A judicial working group on litigants in person has recently reported making various recommendations to include additional training and guidance for Judges, a new Civil Procedure rule to balance access to justice with consistency, rules to encourage Judges to deal more proactively with vexatious claimants and even the suggestion that the Courts should move more from their historical adversarial approach to being more inquisitorial - which has been the case for many years across much of mainland Europe.   

These recommendations all seem sensible; however, in reality how will Courts and Tribunals ensure that litigants in person do not gain an unfair advantage over those who have instructed solicitors to act on their behalf and will resources be provided to ensure that the inevitable effect of greater involvement of litigants in person resulting in longer hearings will not impact unfavourably on Court and Tribunal waiting lists.  

 The Court rules apply to all, whether represented or not, and it is clearly unfair if litigants in person are allowed a level of flexibility in complying with Court rules and avoiding sanctions which are then applied stringently to their represented opponents!

Wednesday 10 July 2013

Employment Tribunals – New Rules of Procedure (Part II)


In addition to the contentious proposals to introduce fees in Employment Tribunals, the new rules of procedure make many other changes.  These include increased case management powers for Employment Judges and provisions to sift cases following the receipt of a response to encourage Employment Judges to give early consideration as to whether, on the basis of the paperwork, either the claim or response should be struck out in full or in part or, if the case should proceed, to determine appropriate case management directions.   

These proposals generally seem sensible and reflect the good practice which has already been followed in some Tribunals.  The question is whether in those Tribunals where Tribunals have not been able to process claims swiftly and effectively, they will have the resource to deliver these new procedures as, if not, it is difficult to see how the system will become more efficient and user friendly.   

For more information with regard to the changes contact our employment team on employment@tolhurstfisher.com.

Monday 8 July 2013

Employment Tribunals – New Rules of Procedure (Part I)


New Employment Tribunal rules are due to be implemented from 29th July 2013.  The most controversial change is that for the first time a fee will be payable when a claim is lodged and, assuming that the case remains contested, there will also be a hearing fee.  There are provisions for these fees to be waived if the claimant’s financial position merits it.   

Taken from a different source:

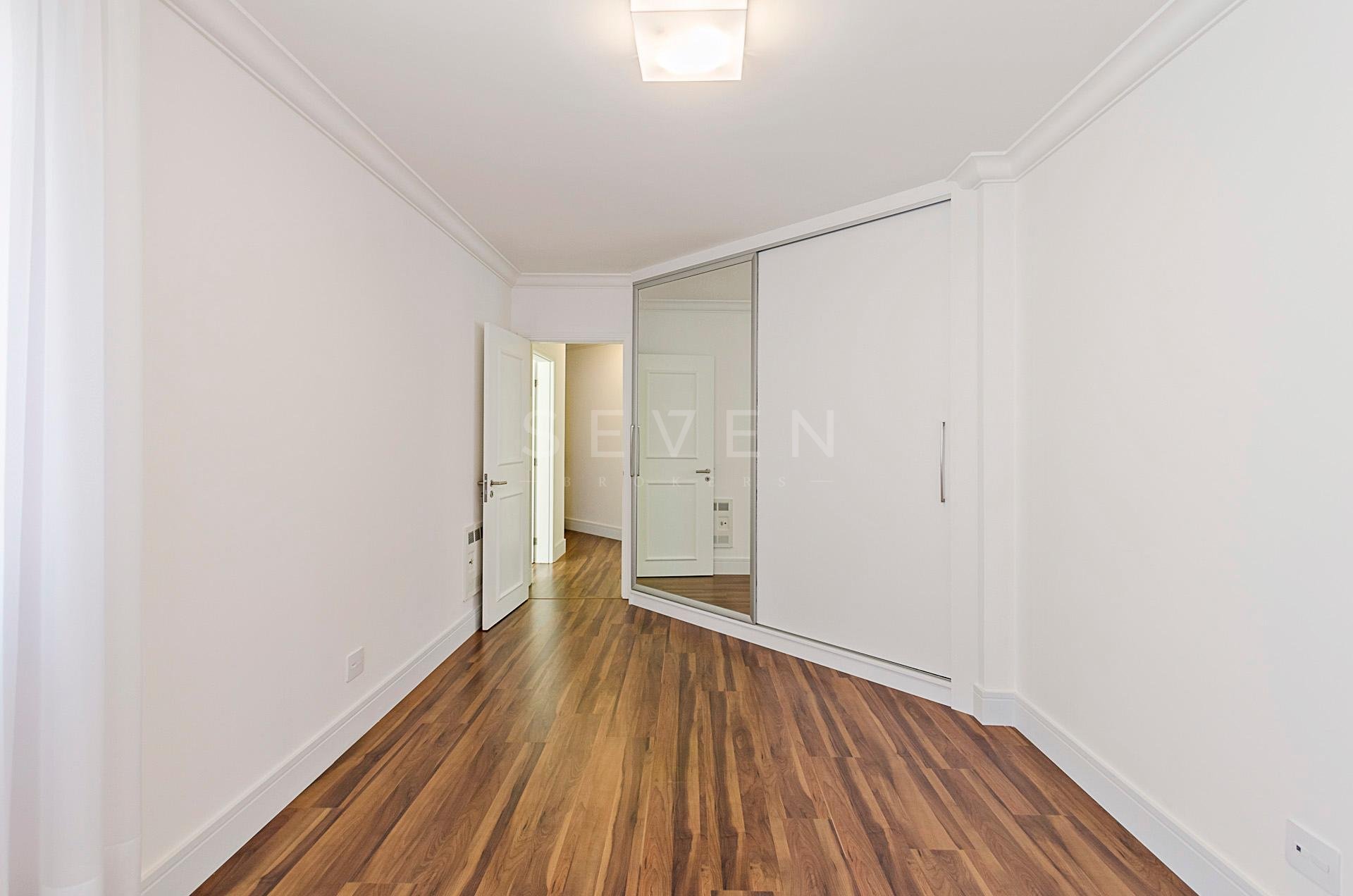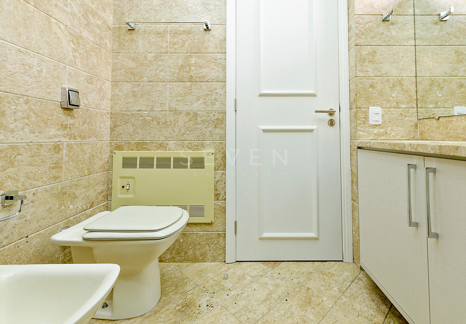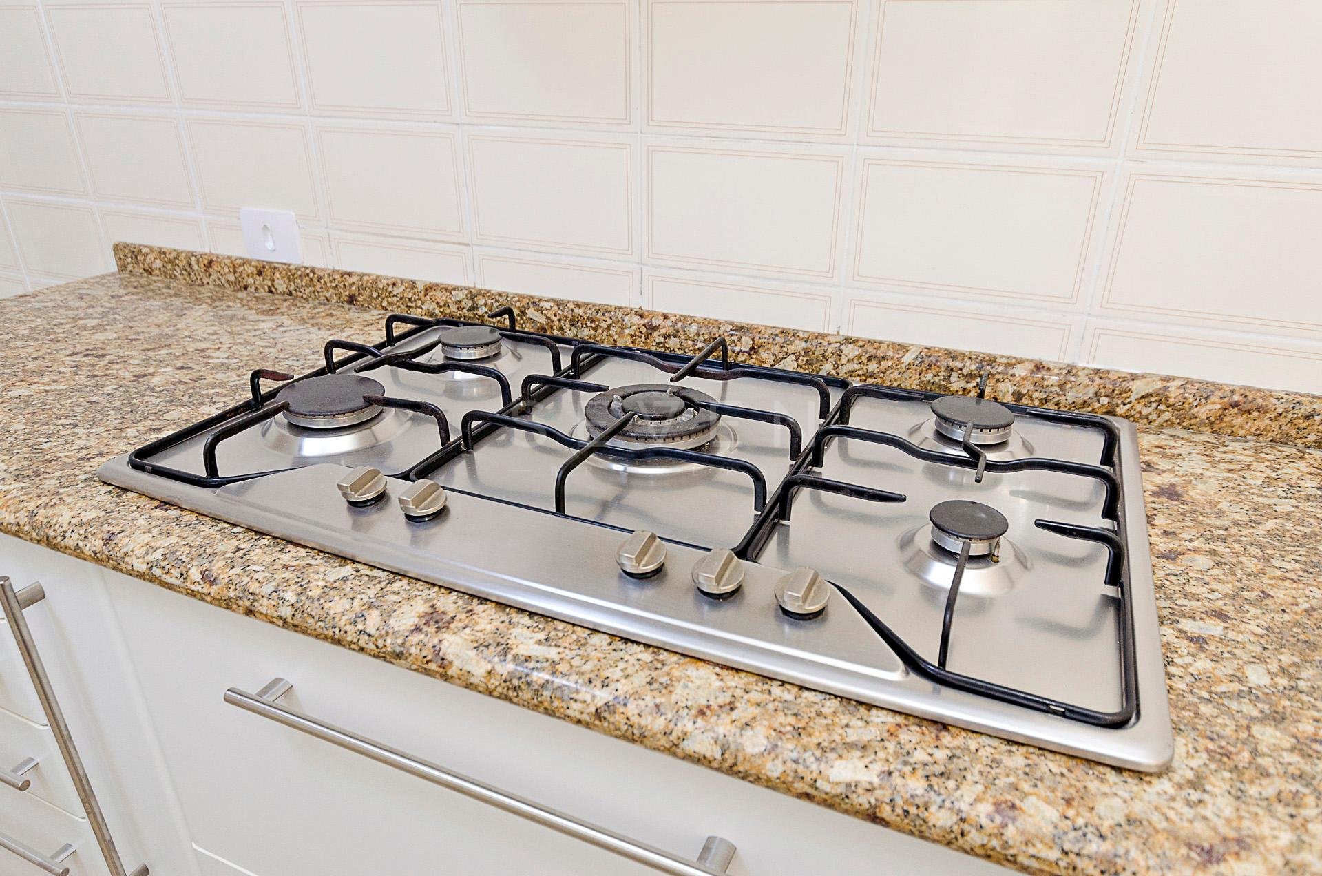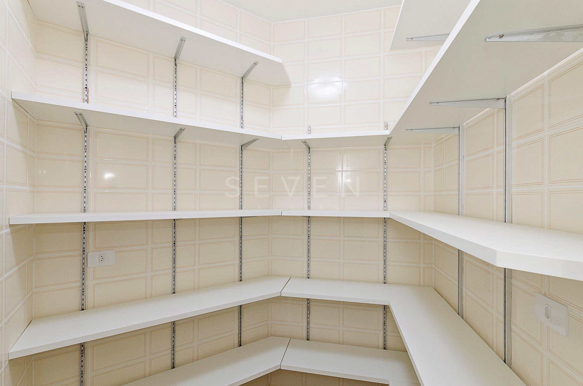 Quatro dormitórios com armários planejados, sendo duas suítes, júnior e máster com hidromassagem e closet, banheiros revestidos em mármore travertino.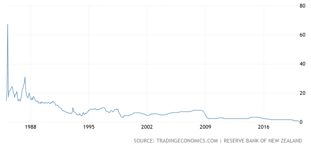 New Zealand Reserve Bank cash rate 1986 to 2020

There is no doubt that this will provide a significant challenge for many potential claimants, who are already coping with an unexpected loss of employment and the inevitable financial pressures this creates.  Whether the motivation for the change is to deter employees from making claims, or to subsidize the Tribunal Service in these austere times, it does raise the issue of what level of service claimants can expect from Tribunals in return for these fees.